On my two previous visits, I hadn't been too enthralled by the decorative arts displays (barring a few exceptions) but I was looking forward to seeing the tapestry. It tells the story of the city and its people via 35 individual hand-stitched panels, much like the touring Great Tapestry of Scotland we saw several years ago in Kirkcaldy and which now resides permanently in Galashiels, Selkirkshire. The Dundee version focusses on a timeframe from the mid-19th century to the present day and the collaborative project brought together members of the community through craft groups, social networks and in-person events. The project was conceived and developed by John Fyffe of the Weaver Incorporation of Dundee and Dr Frances Stevenson, senior lecturer at Duncan of Jordanstone College of Art & Design. Additional input came from Andrew Crummy, the artist behind the Great Tapestry of Scotland. A team of 140 volunteers from Dundee and the surrounding area created the panels and the result is captivating. The upper concourse was bustling with people admiring the tapestry (it was a Saturday morning) and each piece represented a different flavour of city life. I learned that Dundee once boasted 75 cinemas and the first motion picture was screened in 1896. Ninewells Hospital was named after the surrounding natural springs that once flowed through this part of the city. The less savoury aspects of industrial heritage were acknowledged; the linen trade was built on slave labour and links to that era still exist today through statues, buildings and street names. Arctic whaling was big business in the 19th century and a fleet of ships was based at Dundee. Whale oil was a valuable commodity, in demand as an industrial lubricant as well as for heating and lighting purposes. Whalebone was also profitable and thankfully these giant mammals can now roam the oceans mostly in peace. The Nine Incorporated Trades of Dundee is an organisation formed in the 16th century to represent the traditional crafts of bakers, cordiners (shoemakers), glovers, tailors, bonnet makers, fleshers (butchers), hammermen (metal workers), weavers and dyers. The federation remains active today and supports a number of good causes around the city.

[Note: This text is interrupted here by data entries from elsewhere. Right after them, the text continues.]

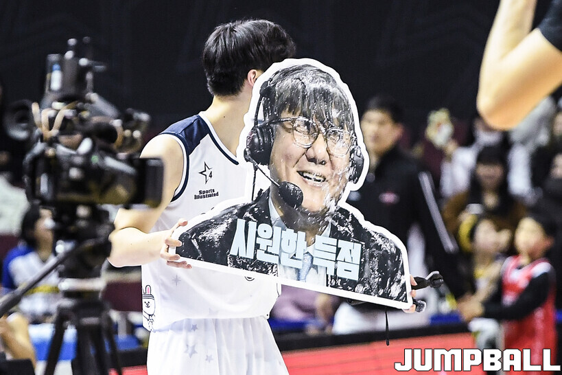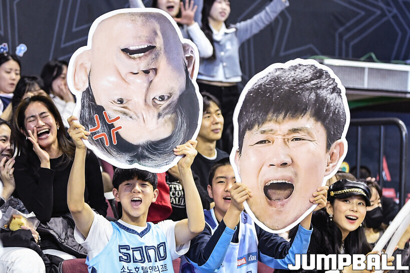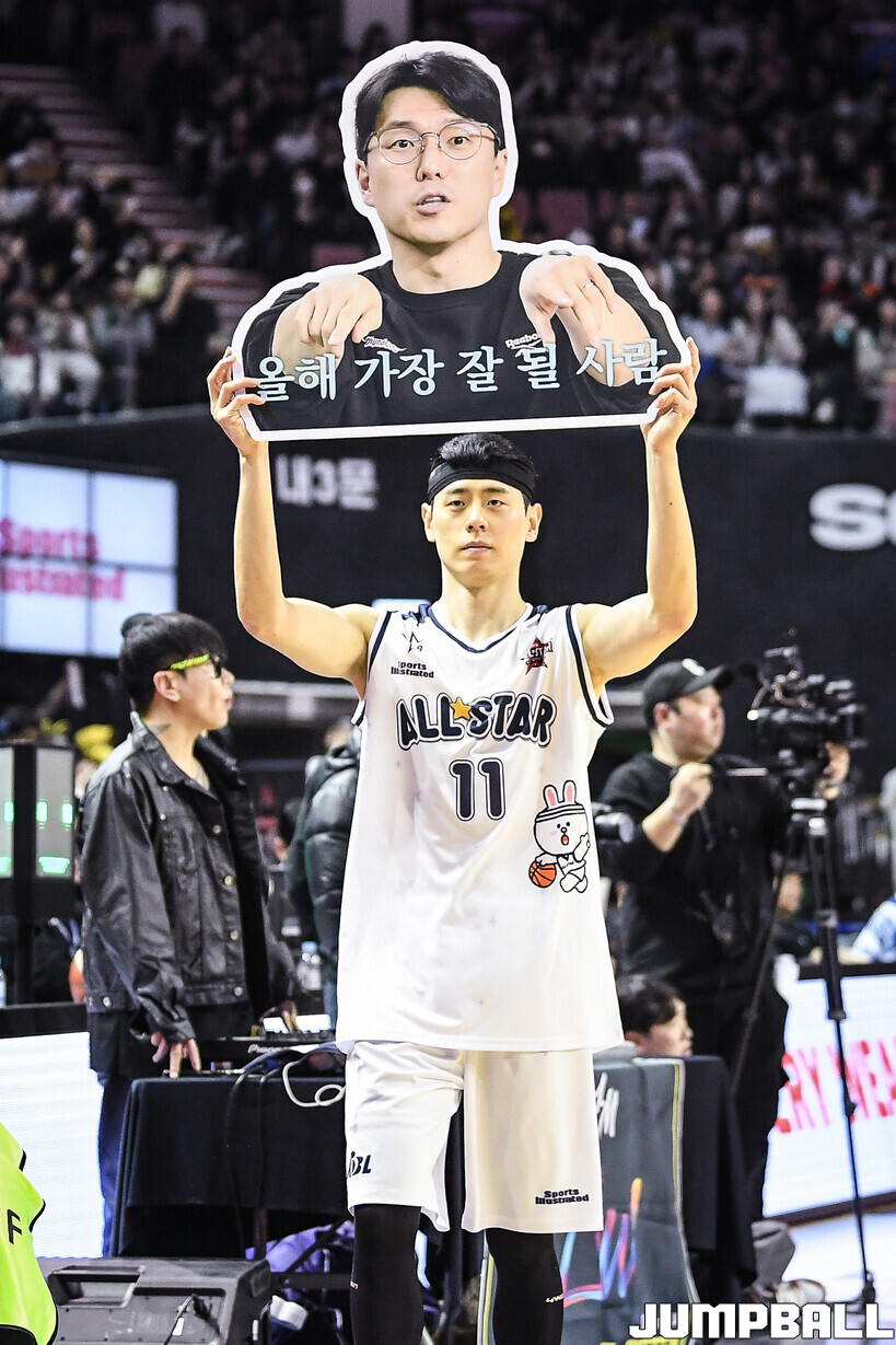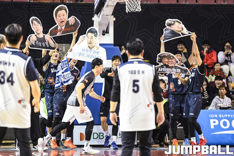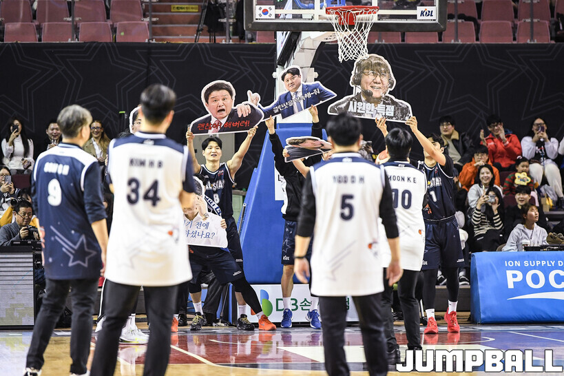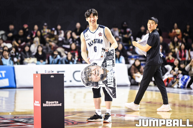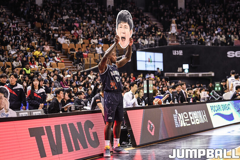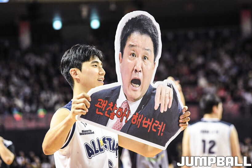 [점프볼=잠실/유용우 기자] 18일 잠실체육관에서 열린 2025-2026 LG전자 프로농구 올스타전 팀 브라운과 팀 코니의 경기, 올스타 선수들과 팬들이 감독들의 응원용 빅헤드를 이용해 응원과 장난스러운 자유투 방해를 하는 등 올스타전을 즐겼다.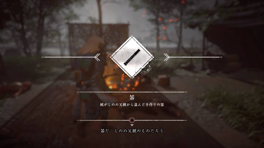▲一人取り逃がしましたが賊が父親から盗んだ笛と小石を取り返しました。小石?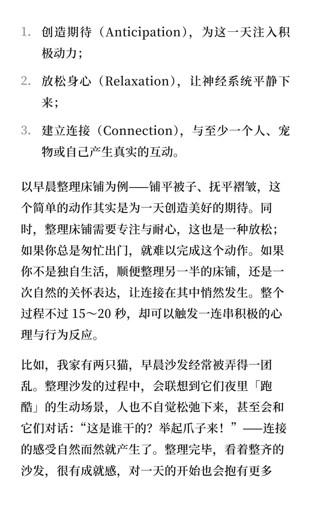 早晨决定一天的情绪与效率。一个完整的晨间程序应包含:

Dundee has forged strong links with the medical profession and the university has a global reputation for research. The traditional heavy industry was the production of jute - a natural fibre used in ropemaking and textile production. By late Victorian times, more than 120 mills were in operation but the trade eventually declined due to globalisation, the last plant closing in 1999. Many jute buildings have been repurposed over the years and are not hard to spot when walking around old parts of the city. There was a tapestry square dedicated to the Dundee music scene, which has produced big-selling acts such as Deacon Blue, The View and Snow Patrol. Journalism was, naturally, represented. The illustration above contains characters from two comics known to everyone over 45 - the Beano and Dandy. The latter sadly ceased publication in 2012. The Courier newspaper was established in 1801 and is widely read across Angus, Fife and Perthshire. The parent company, DC Thomson, issued a wide range of magazines and comics over the decades, although this market has declined since the mass availability of t'internet. I found the tapestry thoroughly absorbing and would recommend it to anyone with an interest in Scottish history. The homeward train was bound, rather strangely, for Peterborough and it whisked us back to Inverkeithing. The City of Discovery had not disappointed.